The acoustic qualities of the learned instrument depend on both the model used and the available training data, so we are delighted to release improvements to both:

A dataset of musical notes an order of magnitude larger than other publicly available corpora.
A novel WaveNet-style autoencoder model that learns codes that meaningfully represent the space of instrument sounds.


The NSynth Dataset
We wanted to develop a creative tool for musicians and also provide a new challenge for the machine learning community to galvanize research in generative models for music. To satisfy both of these objectives, we built the NSynth dataset, a large collection of annotated musical notes sampled from individual instruments across a range of pitches and velocities. With ~300k notes from ~1000 instruments, it is an order of magnitude larger than comparable public datasets. You can download it here.

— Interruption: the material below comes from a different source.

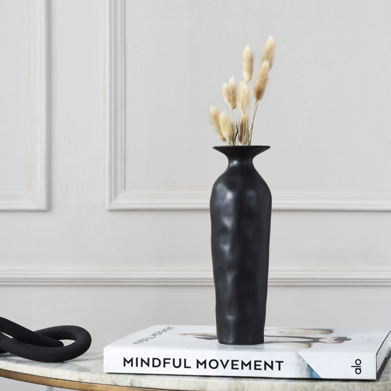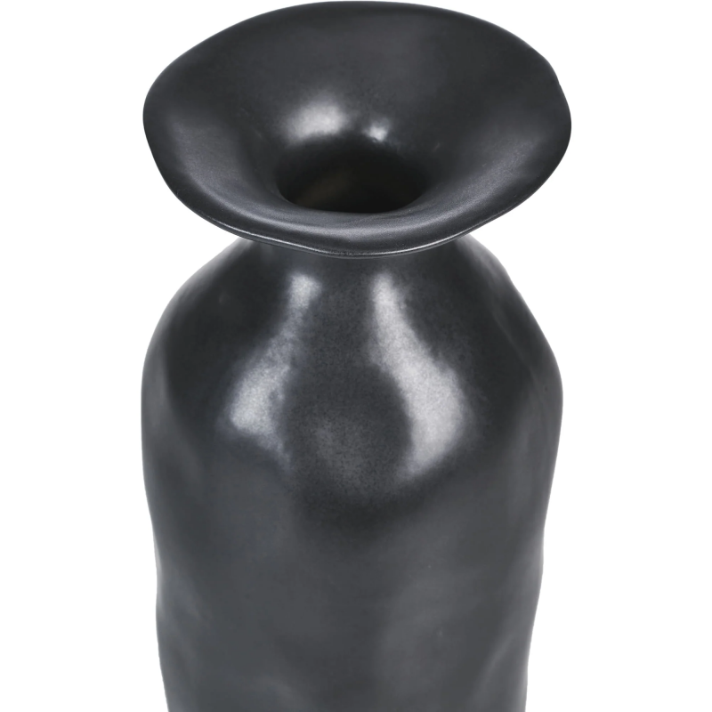 At once sleek and gothic, this vase’s textured structure allows highlights and shadows in its midst to enhance its impact. Made from ceramic stoneware, it holds quality in its design, which is felt in touch and vision. Showcasing a black finish, it is at its best when arranged amid vibrant hues that allow it to pop. Product Details:

A motivation behind the NSynth dataset is that it lets us explicitly factorize the generation of music into notes and other musical qualities. We could further factorize those qualities, but for simplicity we don’t and get the following:

P(audio)=P(audio∣note)P(note)

The goal is to model P(audio∣note) (known as timbre) and it is assumed that P(note) comes from a higher-level “language model” of music, such as the note sequence RNNs we’ve previously described. While not perfect, this factorization is grounded in how instruments work and is surprisingly effective. Indeed, much modern music production employs such a factorization, using MIDI for note sequences and software synthesizers for timbre. Of course, this works better for some instruments (e.g., piano and electronic synthesizer) than for others (e.g., guitar and saxophone) where note-to-note timbre dependencies are more pronounced.

The NSynth dataset was inspired by image recognition datasets that have been core to recent progress in deep learning. Similar to how many image datasets focus on a single object per example, the NSynth dataset hones in on single notes. We encourage the broader community to use it as a benchmark and entry point into audio machine learning. We hope that this serves as a building block for future datasets and envision a high-quality multi-note dataset for tasks like generation and transcription that involve learning complex language-like dependencies.

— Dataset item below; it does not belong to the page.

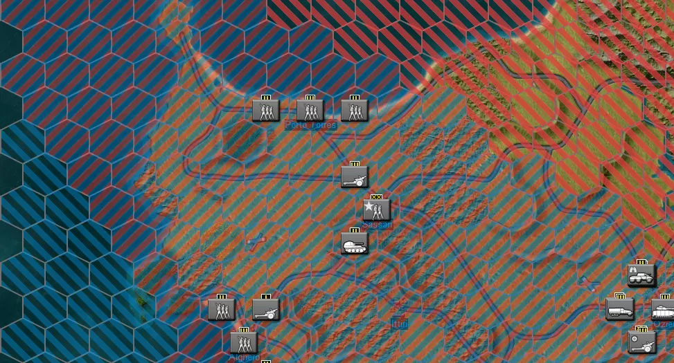 控制区域覆盖层:控制区域覆盖层会显示友方和敌方的控制区域(ZoC)。友方控制区域标记为蓝色,敌方控制区域标记为红色,而争夺中的控制区域则以蓝红条纹标记。

Learning Temporal Embeddings
WaveNet is an expressive model for temporal sequences such as speech and music. As a deep autoregressive network of dilated convolutions, it models sound one sample at a time, similar to a nonlinear infinite impulse response filter. Since the context of this filter is currently limited to several thousand samples (about half a second), long-term structure requires a guiding external signal. Prior work demonstrated this in the case of text-to-speech and used previously learned linguistic embeddings to create impressive results.

In this work, we removed the need for conditioning on external features by employing a WaveNet-style autoencoder to learn its own temporal embeddings.



The temporal encoder looks very much like a WaveNet and has the same dilation block structure. However, its convolutions are not causal, so it sees the entire context of the input chunk. After thirty layers of computation, there is then a final average pooling to create a temporal embedding of 16 dimensions for every 512 samples. Consequently, the embedding can be thought of as a 32x compression of the original data.

We condition the vanilla WaveNet decoder with this embedding by upsampling it to the original time resolution, applying a 1x1 convolution, and finally adding this result as a bias to each of the decoder’s thirty layers. Note that this conditioning is not external as it’s learned by the model. Since the embeddings bias the autoregressive system, we can imagine it acting as a driving function for a nonlinear oscillator. This interpretation is corroborated by the fact that the magnitude contours of the embeddings mimic those of the audio itself.

To play original Base audio click this link Bass Original and to see Neural networks output click this link Bass WaveNet

of audio and reconstructions for three different instruments. These are CQT spectrograms with magnitude represented by intensity and instantaneous frequency by color. Frequency is on the vertical axis and time is on the horizontal axis. For the embeddings, the different colors represent the 16 different dimensions at 125 timesteps (32ms per step). There is a slight built-in distortion due to the compression of the 8-bit mu-law encoding. It is a minor effect for many samples, but is more pronounced for lower frequencies.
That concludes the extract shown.